Here's an approach that adds transparency using the method described in this answer (as suggested by @mischva11). First, add columns that contain the desired plotting properties:

library(dplyr)
library(tidyr)
library(scales)
df = df %>%
  separate(Group, into = c("Transparency", "Size"), sep = " ") %>%
  mutate(Color = case_when(Class == 1 ~ "Chartreuse",
                           Class == 2 ~ "Olive Drab",
                           Class == 3 ~ "Red"),
         Alpha = case_when(Transparency == "Opaque" ~ 0.9,
                           Transparency == "Semi-transprnt" ~ 0.9,
                           Transparency == "Transprnt" ~ 0.3),
         Size = case_when(Size == "small" ~ 0.8,
                          Size == "med" ~ 1,
                          Size == "large" ~ 1.2))

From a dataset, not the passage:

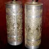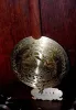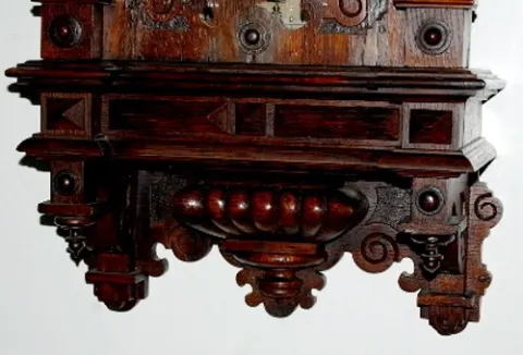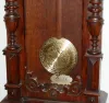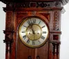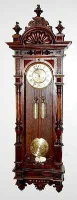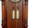 Oak Fancy 2 Weight Vienna Wall Clock oak case; engraved metal dial; Roman numerals; engraved swan pendulum; engraved weights; has key; time and strike. 48" x 16" x 8"

The replace the for loop in the original code with the following:

plot(df$Height, df$Weight, xlim = c(0, 1), ylim = c(0, 1),
     col = df$Color, pch = 21, xlab = "", ylab = "", axes = F,
     cex = df$Size, bg = alpha(df$Color, df$Alpha))

Edit: Using pch = 21 allows us to control the fill and border of the point separately (col for the border, bg for the fill). This example applied transparency to the fill but not the border.

On my machine, the semi-transparent point doesn't actually appear to be very transparent at all, so this might not quite accomplish what you're looking for. You could play around with the alpha values, or you could try ggplot instead. Here's how:

library(dplyr)
library(tidyr)
library(ggplot2)
df = df %>%
  separate(Group, into = c("Transparency", "Size"), sep = " ") %>%
  mutate(Color = case_when(Class == 1 ~ rgb(0, 1, 0),
                           Class == 2 ~ rgb(0.5, 0.5, 0),
                           Class == 3 ~ rgb(1, 0, 0)),
         Alpha = case_when(Transparency == "Opaque" ~ 1,
                           Transparency == "Semi-transprnt" ~ 0.4,
                           Transparency == "Transprnt" ~ 0.2),
         Size = case_when(Size == "small" ~ 1,
                          Size == "med" ~ 2,
                          Size == "large" ~ 4))
ggplot(df, aes(x = Height, y = Weight, col = Color, alpha = Alpha, size = Size)) +
  geom_point() +
  scale_color_identity() +
  scale_alpha_identity()

This is maybe a little better, although to me, as a naive viewer, it's difficult to distinguish between ordinary points (with expected colors) and overlapping points (with colors that are the sum of other colors). But this may be easier to see with the full dataset. Again, you could try playing around with the specific sizes and alpha values to see what works.